O drama policial “Os Donos da Noite” marca a retomada de James Gray após sete anos e traz um elenco estelar encabeçando a história. Entretanto, o filme demonstra ser apenas mais um exemplo do que poderia ter sido bom, mas não foi.

A trama é ambientada na Nova York de 1988, época na qual a polícia usava a frase “Somos os donos da noite” para mostrar sua virilidade mediante ao indiscriminado tráfico de drogas e a crimes cruéis na cidade. Bobby Green (Joaquin Phoenix) é o gerente de um clube local e que renega a família composta por seu irmão Joseph Grusinsky (Mark Wahlberg) e seu pai Burt (Robert Duvall). Os laços familiares serão postos à prova mais uma vez quando Joseph, tenente renomado na polícia local, precisa prender um grande traficante que freqüenta a boate administrada por Bobby. É aí que Bobby precisa decidir em que lado ficar, principalmente depois que Joseph é gravemente baleado. A família começa a caçar o traficante, pondo em prática o lema que carregam no uniforme.

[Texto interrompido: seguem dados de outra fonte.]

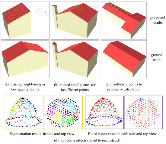 The most common reason for the false construction was a lack of an adjacent plane, which is always caused by insufficient points, resulting from the segmentation preprocess. In addition, model enhancement can be easily hindered by insufficient points or cannot be executed even for sparse partial symmetry. A gable roof plane in Figure 17a was missed due to a sparsity of points, while a chimney in Figure 17b was lost because of the rare and low-quality points for these small planes. A complete and correct model is based on the correct extraction and unambiguous enhancement of the building structure. However, enhancement is greatly affected by data quality. Figure 17c shows an effective reconstruction based on the data, but it did not fit the ground truth because of the incompleteness of the roof points and ambiguous structures. This situation can only be avoided by shape constraints known in advance of the reconstruction. In addition, objects with non-planar structures, as in Figure 17d, can easily lead to a model failure as it is difficult to describe these non-planes with regular planar parameters, but a correct grouped structural point set can be obtained by the proposed approach in the two figures (d) on the right side of Figure 17. The points set colored with red and blue are separated by a gap with no points. These failed reconstructions do not conform to the ground truth, as shown in the top three figures, except for the non-regularized objects appearing as irregular curved surfaces or multilayer surfaces.
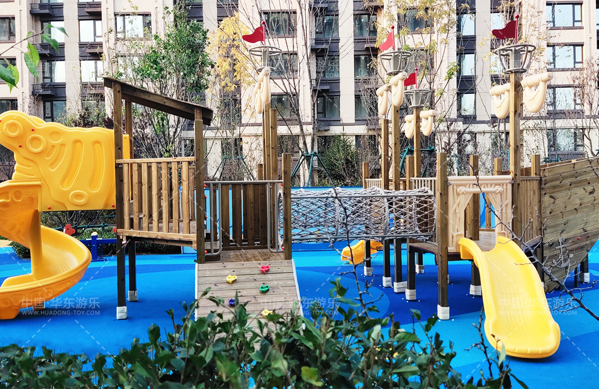 长春市昆仑御是 一个高端的住宅生活小区,该项目在健身儿童游乐园的时候采用的是乐鱼游乐自主研发和设计的木制非标定制组合滑梯,同时还配备了健身器、儿童跷跷板、摇摇乐等游乐设备,为生活在该小区的小朋友提供了一个休闲娱乐的场所。
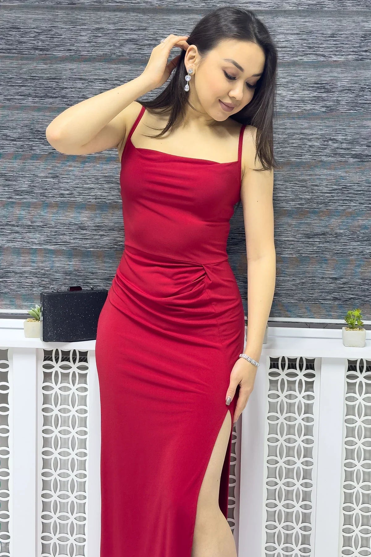 Kırmızı Scuba Yırtmaçlı Askılı Elbise
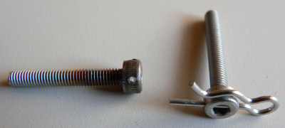 飛ばし始めると上部カウルの右側のビスがすぐ緩んでしまいました。ボンドG17を塗ってみたり、ロックタイトを塗ってみたりしましたが効き目がほとんどありませんでした。友人にビスの頭に穴を開けて割りピンを刺したらどうかとのアイデをもらいました。バイスで挟んでボール盤で1mmの錐をで穴を開けました。十文字に開けましたが、思いのほか簡単に開けることが出来ました。ホームセンターで手に入れた割りピンがぴったり合います。 |
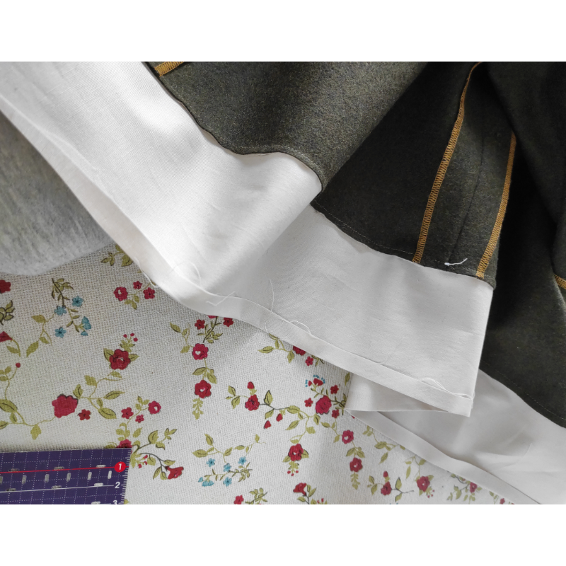 Ich hab für den Rocksaum einfach einen Stoffstreifen rechts auf rechts ans Rockende genäht, was ca. 5 cm breit ist. Danach hab ich ihn nach innen umgeklappt und angenäht.
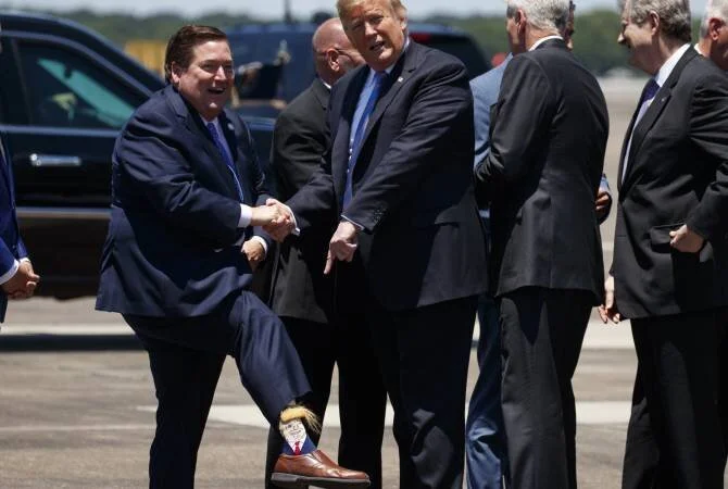 Вице-губернатор Луизианы на встречу с Трампом надел носки с его портретом Вице-губернатор американского штата Луизиана Билли Нангессер встретил президента США Дональда Трампа в «волосатых» носках с его портретом. , Новости
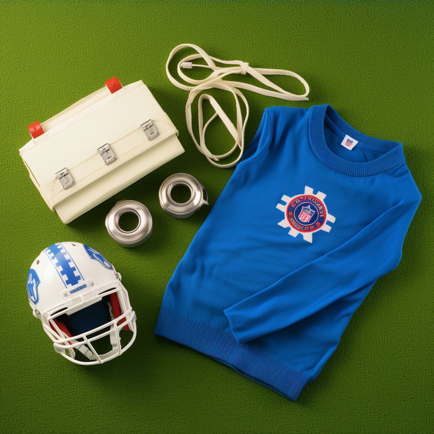 Sports gear on green: blue sweater, white helmet, medical kit, silver canisters, and rope. Perfect for football enthusiasts.
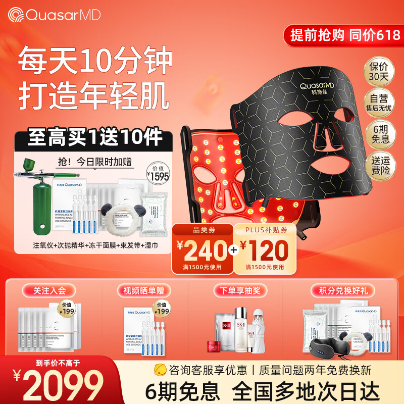 科施佳QuasarMD黑金面膜仪红光面罩面膜式美容仪光子嫩肤仪大排灯修护亮肤520女生情人节礼物实用送女友价格:2599.00元!
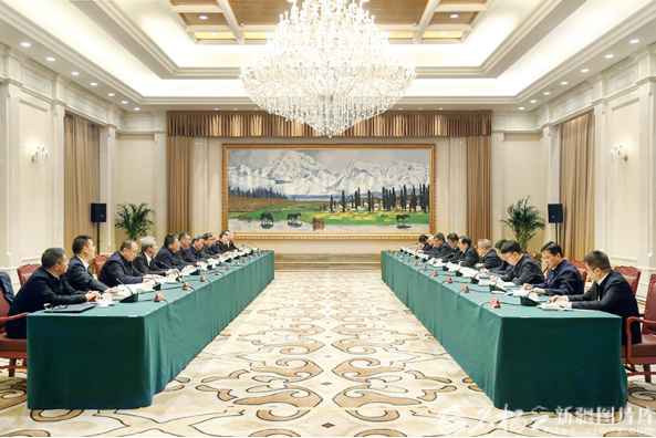 12月4日,自治区党委书记陈小江、自治区主席艾尔肯·吐尼亚孜在乌鲁木齐会见中国中铁股份有限公司董事长陈文健一行。石榴云/新疆日报记者谢龙摄
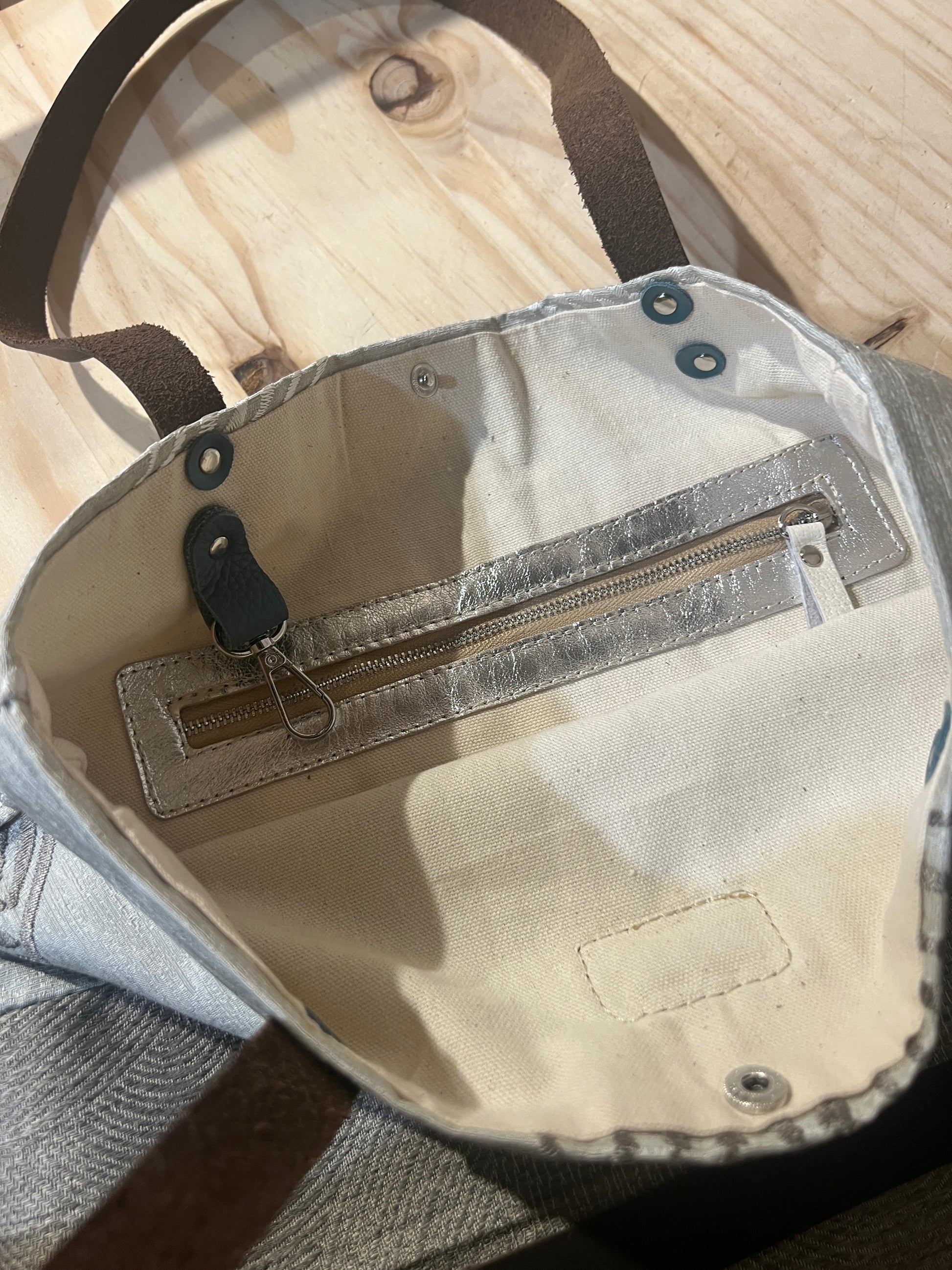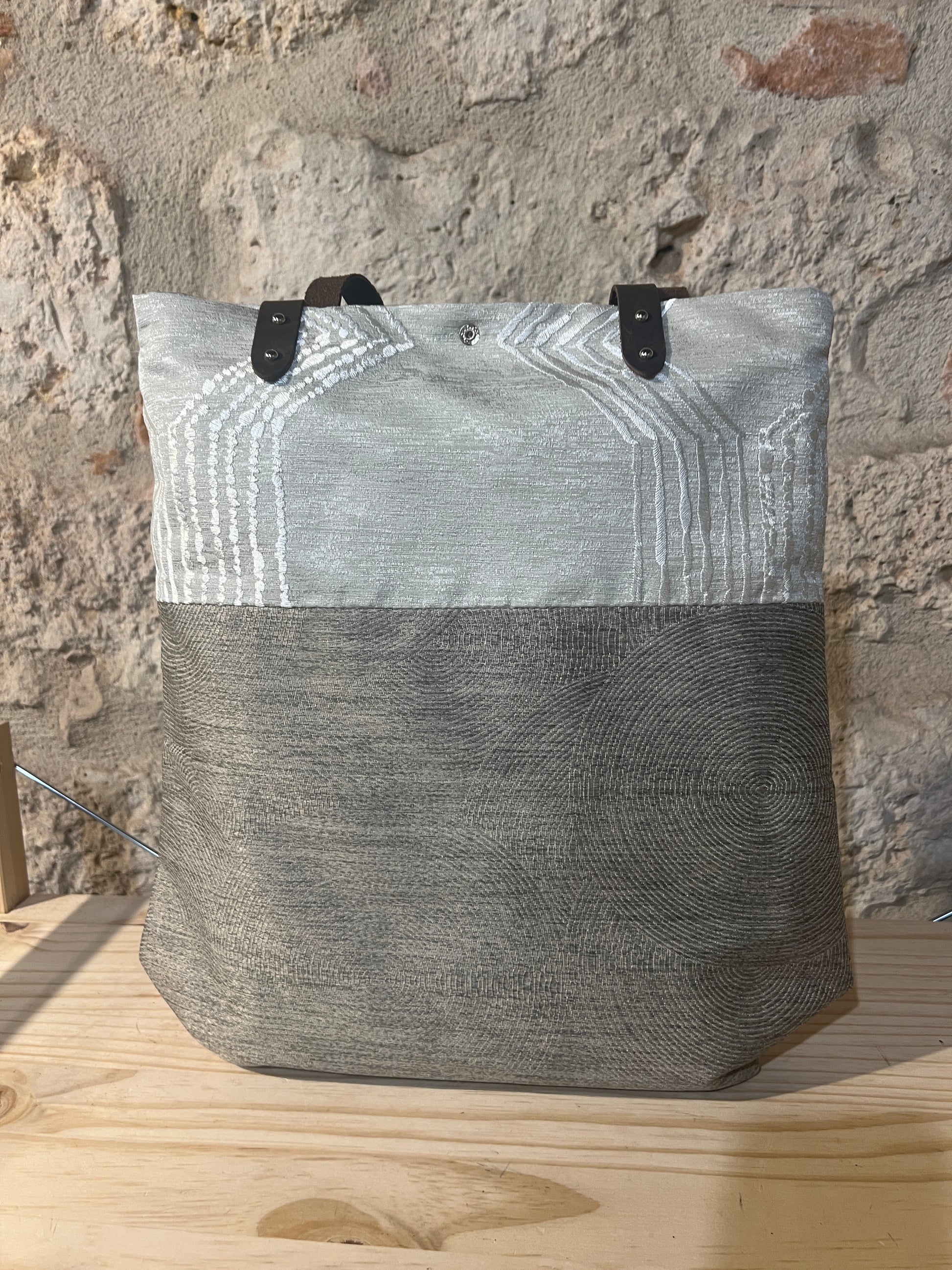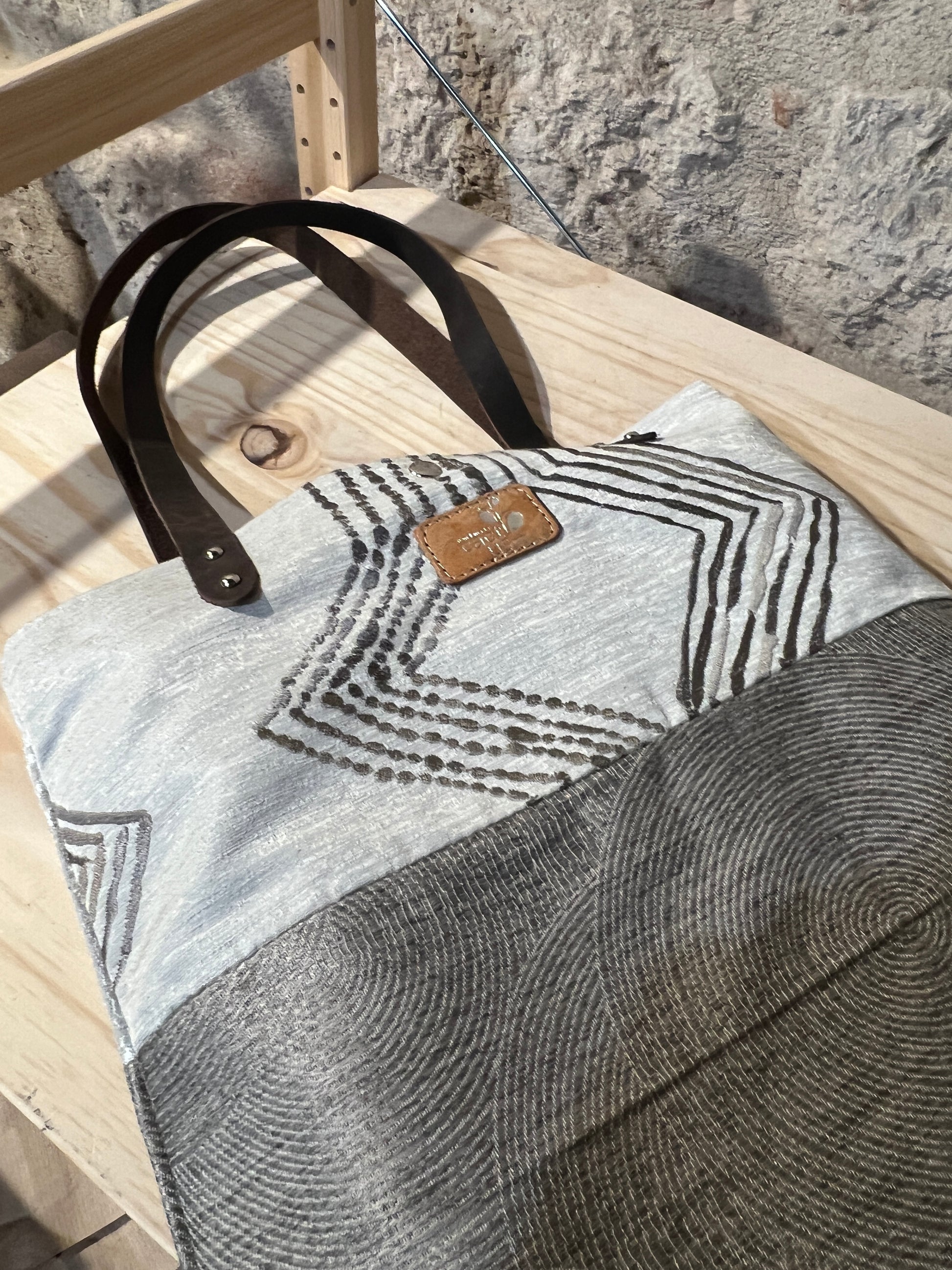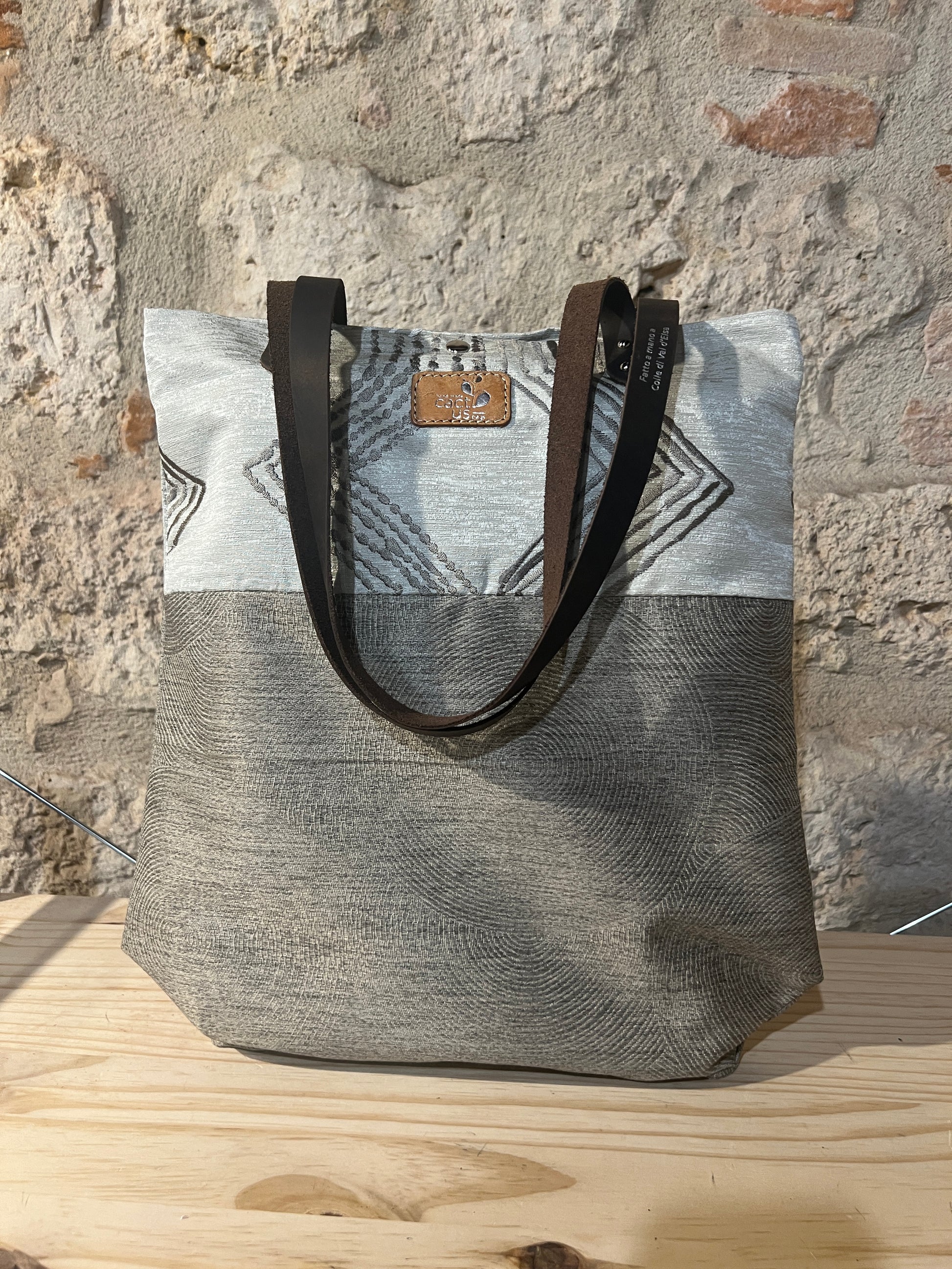 Realizzata in tessuto di tappezzeria con manici e laccetto tira zip in pelle.

A semelhança do formato de filme policial que James Gray oferece em “Os Donos da Noite” se assemelha em muito com o que era feito há algumas décadas. Mocinhos e vilões natos, além conflitos familiares nos quais um dos filhos é melhor aceito devido a fidelidade com o sobrenome da família, enquanto o outro é renegado. O questionamento seria até onde continuar fazendo filmes assim visto que nas mãos da contemporaneidade muita coisa pode soar piegas? O fato é que não tem diretor mais técnico que transforme um roteiro meia-boca em um verdadeiro exemplar de filme policial. Se analisarmos o público para qual este filme é destinado, não há em nenhuma esquina da projeção algo que traga novidade para a indústria cinematográfica. É incrível como os produtores continuam se dando ao luxo de produzir qualquer coisa.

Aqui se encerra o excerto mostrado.